The blast processing apparatus 200 includes an air supply unit 201 that supplies compressed air, a particle supply unit 202 that supplies blasting particles, an air supplied from the air supply unit 201, and a blast supply supplied from the particle supply unit 202. The mixed output unit 203 that mixes and outputs the particles and the mixed output unit 203 via a pipe or a hose and the like, and compressed air containing alumina particles supplied from the mixed output unit 203 (in the following description, a mixed gas) And an injection nozzle 204 that injects the protective member 60 toward the protective member 60 that is the object to be processed. In the present embodiment, the mixed gas is sprayed by the spray nozzle 204 onto the surface side of the protective member 60 after use, that is, the surface to which the reaction product is attached. As described above, in the present embodiment, the blasting process is performed using the so-called pneumatic blasting apparatus 200.

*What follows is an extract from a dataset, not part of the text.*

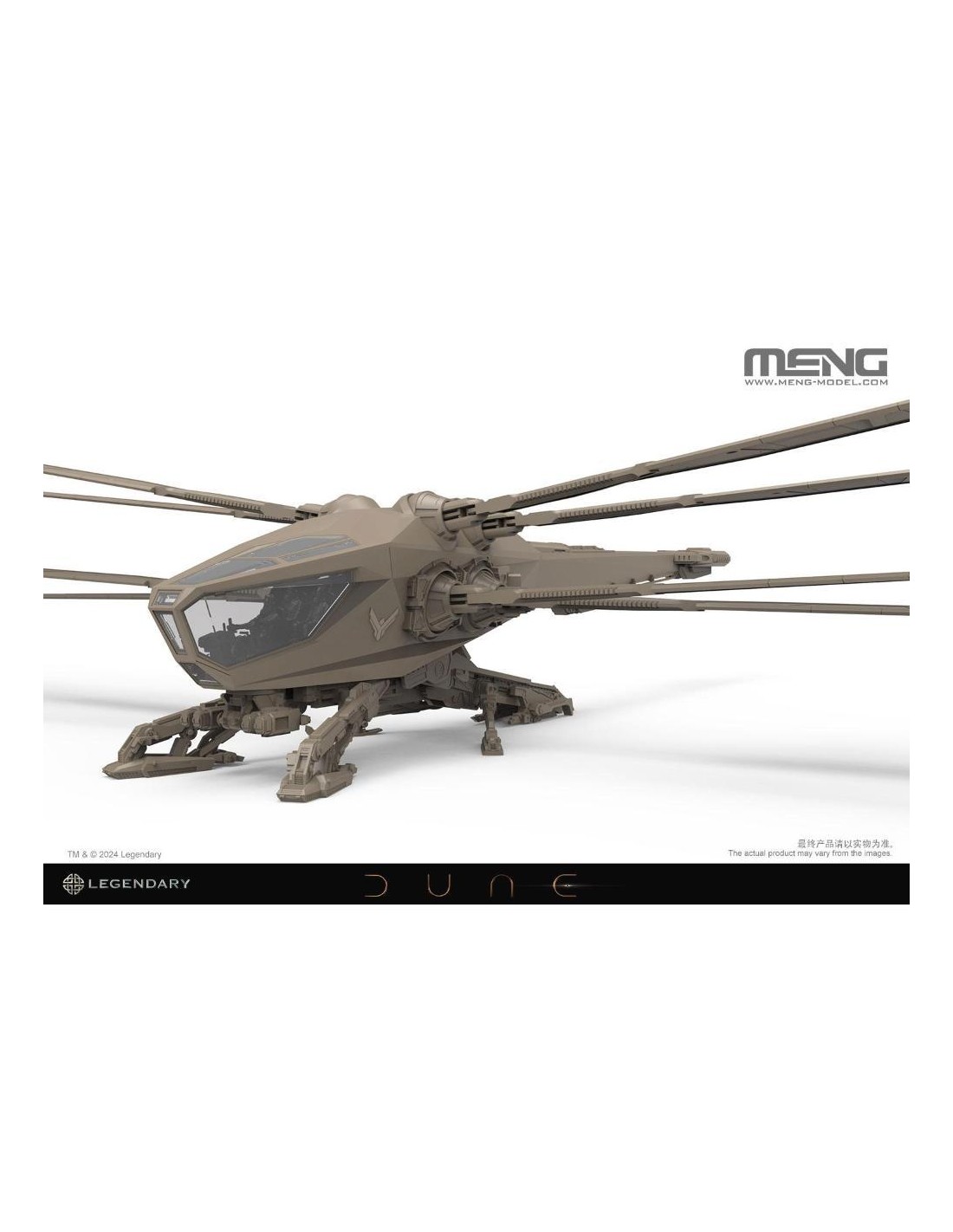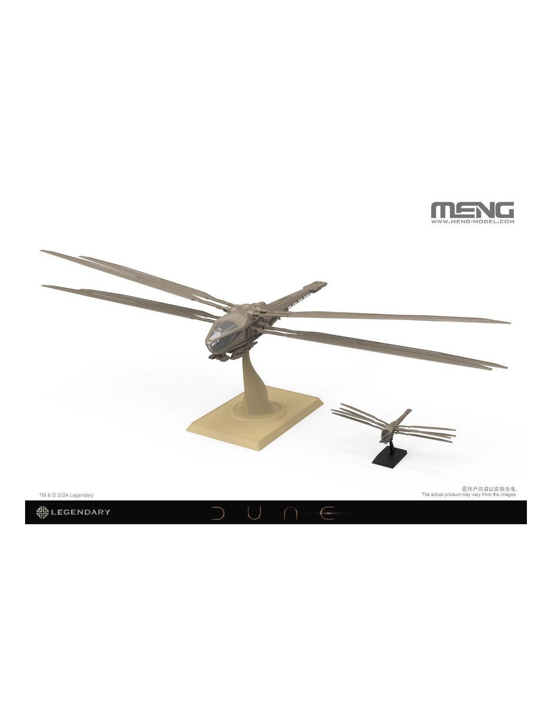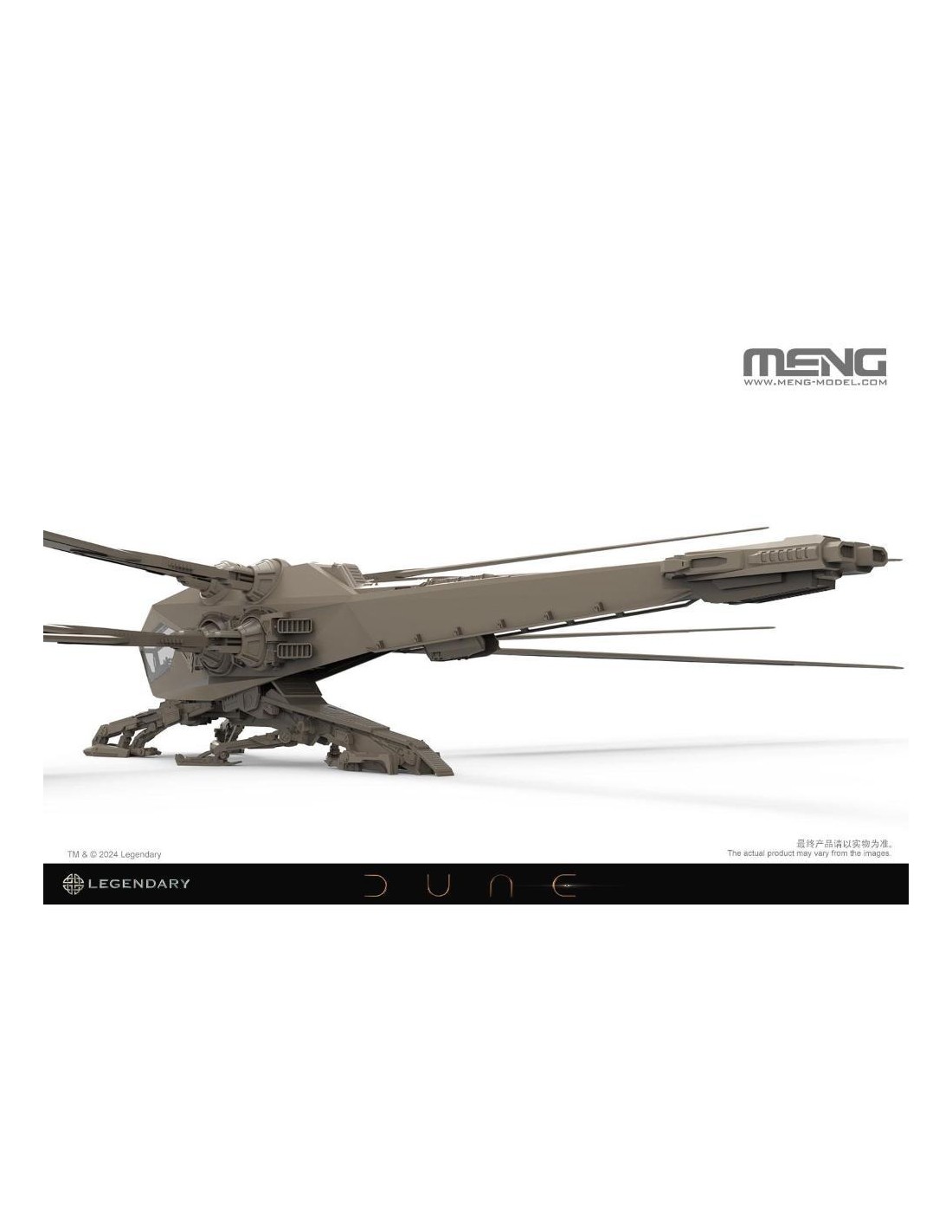 MENG è pronta a svelare il kit modello DS-009 1/72 Dune Harkonnen Ornithopter, concesso in licenza da Legendary Entertainment. Ispirato da Legendary's Dune: Part Two, l'adattamento per il grande schermo del regista Denis Villeneuve del capolavoro di fantascienza DUNE di Frank Herbert, questo modello meticolosamente realizzato, ora disponibile come kit dal design intricato, incapsula davvero l'essenza di questo iconico velivolo. L'Onitottero Harkonnen, contraddistinto dalle sue sei ali agili, fornisce una notevole portanza attraverso rapidi battitori alari. Questa caratteristica non solo facilita i decolli e gli atterraggi verticali, ma fornisce anche manovrabilità e velocità eccezionali in volo. Progettate ingegnosamente, le ali dell'ornitottero possono essere retratte per consentire discese ad alta velocità, preservando la sua agilità caratteristica. La straordinaria macchina volante è un'aggiunta preziosa per i fan di Dune e una nuova sfida per i modellisti. Questo kit cattura accuratamente gli intricati dettagli dell'Harkonnen Ornithopter, dalle ali al carrello di atterraggio. Ogni parte è attentamente progettata per offrire una rappresentazione altamente realistica e garantire il massimo divertimento durante l'assemblaggio. Il modello ha un'apertura alare di 626 mm e una lunghezza di 293 mm una volta assemblato. Questo kit include quattro personaggi dell'equipaggio, parti trasparenti per il tettuccio della cabina di pilotaggio e un espositore. Controlliamo i dettagli. Questo modello dettagliato presenta il design e la forma accurati dell'ornitottero Harkonnen. L'Ornitottero Harkonnen in scala 1/72 con un'apertura alare di 626 mm offre un senso di stupore senza pari. Le sue enormi dimensioni diventano ancora più pronunciate rispetto all'Ornitottero Harkonnen MMS-014. (L'ornitottero Harkonnen MMS-014 è venduto separatamente.). Una combinazione di componenti del telaio e parti trasparenti rappresenta il tettuccio della cabina di pilotaggio. Questo kit include quattro personaggi dell'equipaggio. Il meccanismo ad ingranaggi all'interno della fusoliera consente il controllo indipendente di ciascuna coppia di ali, consentendo alle sezioni sinistra e destra di eseguire movimenti di sbattimento su e giù insieme. Le ali possono ruotare, ritrarsi e aprirsi secondo le impostazioni. Il kit comprende due set di sistemi di carrello di atterraggio intercambiabili, che riproducono sia la modalità di atterraggio che quella di volo. Questo kit include un supporto per la modalità aereo. Che tu sia un fedele fan di Dune o un modellista con un'immaginazione infinita per il mondo della fantascienza, o entrambi, questo modello di ornitottero sarà il pezzo forte della tua collezione. Rappresenta non solo la tecnologia del futuro immaginato da Herbert, ma funge anche da ponte che ti collega all'eccitazione piena di azione di Dune. Prova la gioia di assemblare questo ornitottero e lascialo volare sulla tua libreria!
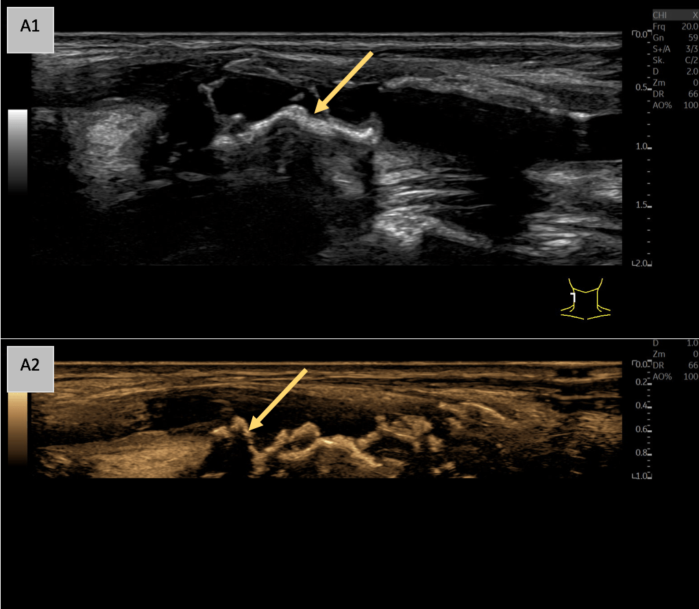 A: B-Mode imaging in the sagittal plane (A1) shows a markedly echogenic and inhomogeneous vessel wall of the common carotid artery with a thickened intima-media complex and irregular echogenic wall changes. Notably, multiple echogenic, wall-adherent formations with partial distal acoustic shadowing are observed (yellow arrow), indicative of significant plaque formation. Speckle Reduction Imaging (SRI) and Cross Beam techniques were employed to optimize the B-Mode image (A2), which is illustrated in sepia for enhanced visualization.

In the present embodiment, alumina having Knoop hardness higher than quartz constituting the protective member 60 is used as the blast particles. In addition, the Knoop hardness of quartz is about 820 (kg / cm ² ), and the Knoop hardness of alumina is about 2250 (kg / cm ² ). However, it is not limited to alumina, and for example, SiC, c-BN, diamond or the like may be used. For example, in the case where the protective member 60 is made of a material having a Knoop hardness lower than that of quartz, quartz may be used as blast particles.
In the present invention, the Knoop hardness can be adopted as a quantitative measure representing the hardness of the industrial material, but is not limited thereto. In addition to the Knoop hardness scale, for example, a scale such as Vickers hardness, Mohs hardness, Brinell hardness, Rockwell hardness, shear hardness, or the like may be used. For example, on the scale of Mohs hardness, values of alumina (9), GaN-based compound semiconductor (9), iron (8-8.5), quartz (7), glass (5-6), etc. are known.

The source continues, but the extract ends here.